Ng Woon Lam (黄运南) is a full member of National Watercolor Society NWS and American Watercolor Society.

He showed in National Watercolor Society eightieth and eighty-second international exhibition, American Watercolor Society 139th, 140th and 142nd international annual show, 2003 Florence Biennale
 and 2006 Oil Painters of America 15th Annual National Show.

He learnt from Singapore master watercolour artist Mr.
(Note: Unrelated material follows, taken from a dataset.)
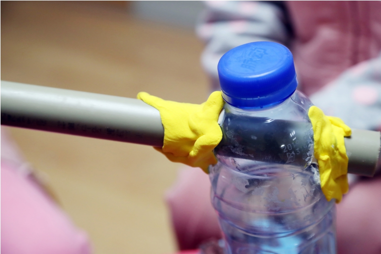 香香:把洒水瓶插进洞里,拖地时一用力,洒水瓶就掉出来了。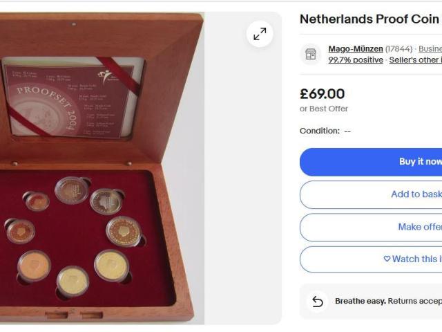 На Вашето внимание един интересен сет от 2004г. ПРУФ Нидерландия. Евро сет в оригинална луксозна кутия със сертификат лимитирана серия. Закупен от Англия през ebay.co.uk с всички платени митнически такси и данъци както и куриерски услуги. Монетите са на 20 години и са подходящи за подарък или инвестиция на която цената им ще расте. Сертифицирани такива сме виждали да се продават на по над 100 евро брой...

Gog Sing Hooi, late and founding president of Singapore Watercolour Society, Associate Professor Emeritus Cheng-Khee Chee (University of Minnesota at Duluth)

 Associate Professor Don Southard and Professor Susanna Coffey at The School of the Art Institute of Chicago and Professor Edward Schmidt at New York Academy of Art.
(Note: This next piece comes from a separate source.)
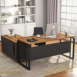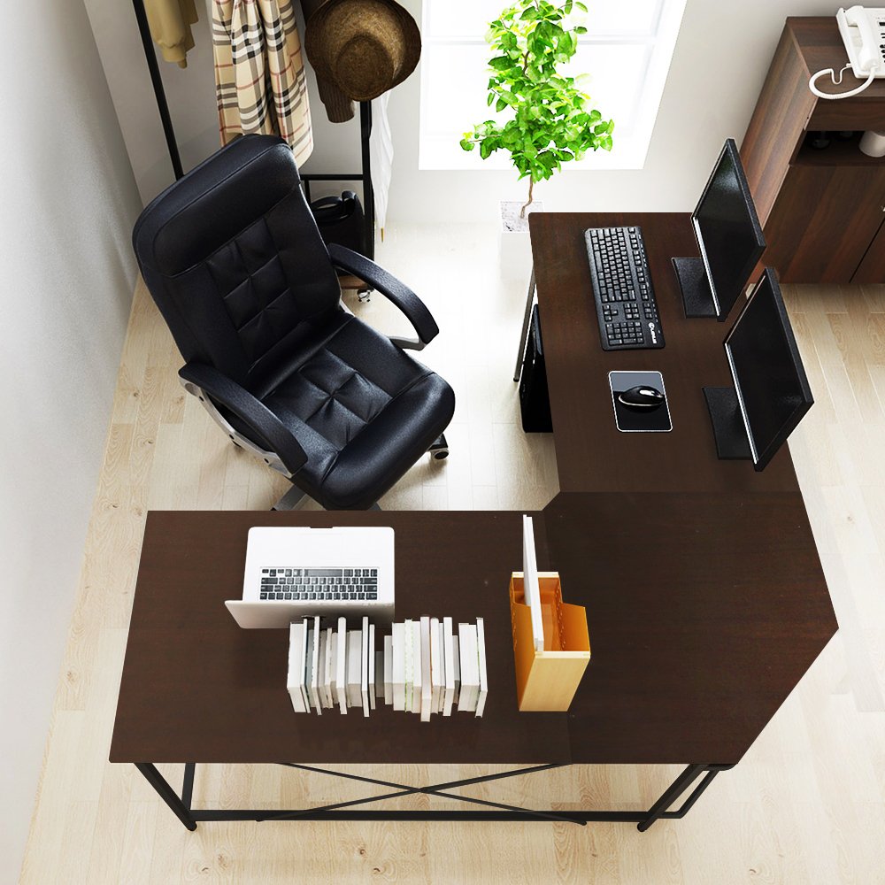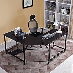 [L-Shaped Design] Double Wide desktop of E1 degree solid particle wood with high resistance on scratch & friction, space saving, provide plenty space for writing, working, handcraft, gaming and other activities.

His painting style carries Chinese calligraphic strokes; showing strong influence from master Singapore watercolour artist Gog Sing Hooi.

His philosophy of image making is derived from Taiji (太极) philosophy. He is constantly searching for balance and harmony in the dynamic image making process. This is similar to the fundamental building of Chinese Painting His journal related to Chinese and Western calligraphic brushwork was published in year 2016.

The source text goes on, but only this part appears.